Output will be written to an out
directory on the top level of the repository.
Of this, results are written generally to a date-stamped directory, e.g., out/experiments/exp3/20240228/
, but usually the program will print out the exact directory it is writing to.
Error logs are written to out/logs/
.
As previously mentioned, the Jupyter notebook 20240229.ipynb
contains the code for visualizing and analyzing the results of the experiments.
Do note that we used an IDE that allowed us to run the notebooks such that it seemed like it was on the top level of the repository. If you cannot find that setting, you will have to either adjust the paths in the notebook or move the notebook to the top level of the repository.
Similarly, the notebook is currently set up to write figures to specific file paths. You may need to adjust these paths to your own, or comment out the lines that write to files, or make sure the directories exist.
It generally writes to one directory with path scratch/figures/Enlil
.
The antigens are represented as integers, with each bit representing a different antigen: 0 if the antigen is not present, 1 if it is present.
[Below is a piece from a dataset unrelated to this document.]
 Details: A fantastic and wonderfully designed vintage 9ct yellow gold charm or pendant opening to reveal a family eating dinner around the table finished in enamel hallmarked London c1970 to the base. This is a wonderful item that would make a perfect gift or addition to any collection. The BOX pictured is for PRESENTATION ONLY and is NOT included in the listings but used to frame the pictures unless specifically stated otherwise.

The bits are ordered as follows: A, B, D, C, c, E, e, K, k, Fya, Fyb, Jka, Jkb, M, N, S, s. For example, the antigen profile 0b00000000000000001
represents a patient that is positive only for the s antigen.
When generating the alloantibody profiles, we first generate a 'mask' that is a boolean array of length 14 (all antigens bar the major antigens A, B, and D). True
means they could have the alloantibody, False
means they do not. This is generated by taking a random number between 0 and 1, and if it is less than the probability of having the alloantibody, we set the corresponding element in the mask to True
.
This array is passed around to various objects and functions, and is stored in the precomputed data. However, from the description of its generation, it is clear that the value in the mask is not conditioned on the absence of the corresponding antigen in the patient's profile.
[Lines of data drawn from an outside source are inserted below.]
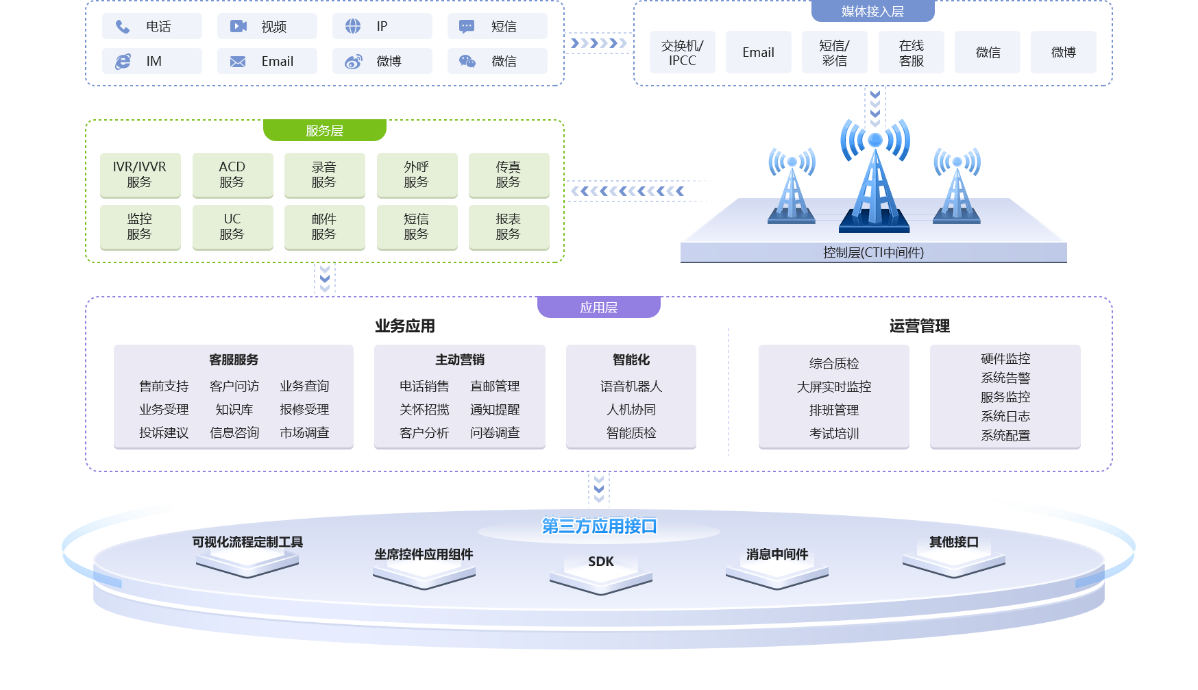 基于云计算技术的分布式呼叫中心平台,灵活部署可用环境;应对业务“峰谷”和话务量浪涌冲击
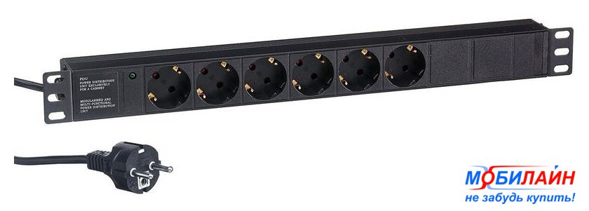 блок розеток, кабель 2.5 м, 6 розеток Schuko (евро с заземлением)
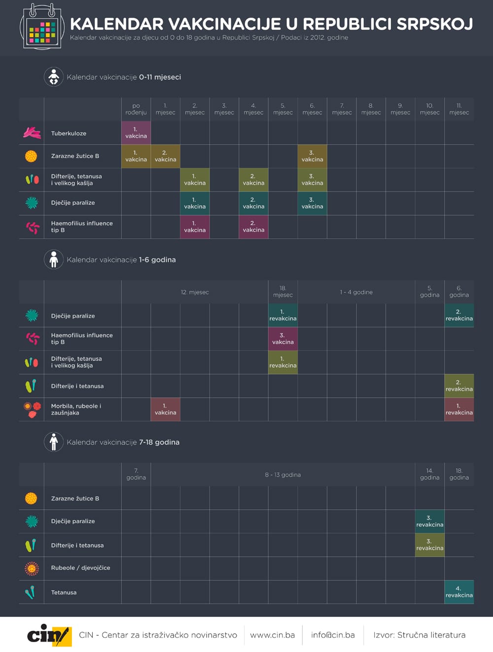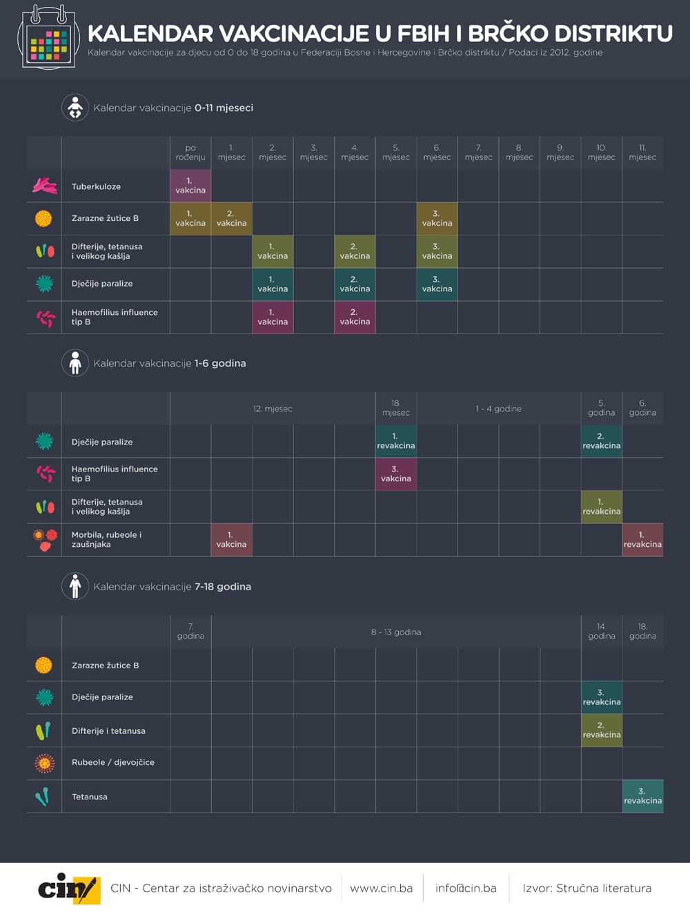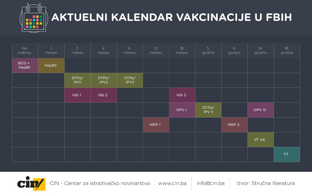 Do 18. godine djeca u BiH primaju vakcine protiv 10 bolesti, među kojima su: tuberkuloza, dječija paraliza, hepatitis i druge. Prema stručnoj literaturi, vakcinacija je potrebna kako bi se smanjila mogućnost zaraza, odnosno iskorijenile određene bolesti od kojih neke mogu imati smrtni ishod.

It is only when we are checking for compatibility in the transport_matching
function (roughly here) that we make sure that the patient can only have an alloantibody if they do not have the corresponding antigen and make the conversion to their actual alloantibody profile.
So to be safe, always force this conversion if you want to read the alloantibody profile.
Each request is represented as an integer numpy array with four elements. In order, these are: a unique identifier for the request, the patient's phenotype (antigen profile), the number of units requested, and the time the request is due.
Each donor is represented as an integer numpy array with three elements. In order, these are: a unique identifier for the donor, the donor's phenotype, and the date/time the unit was donated. This representation also extends to how the inventory is stored.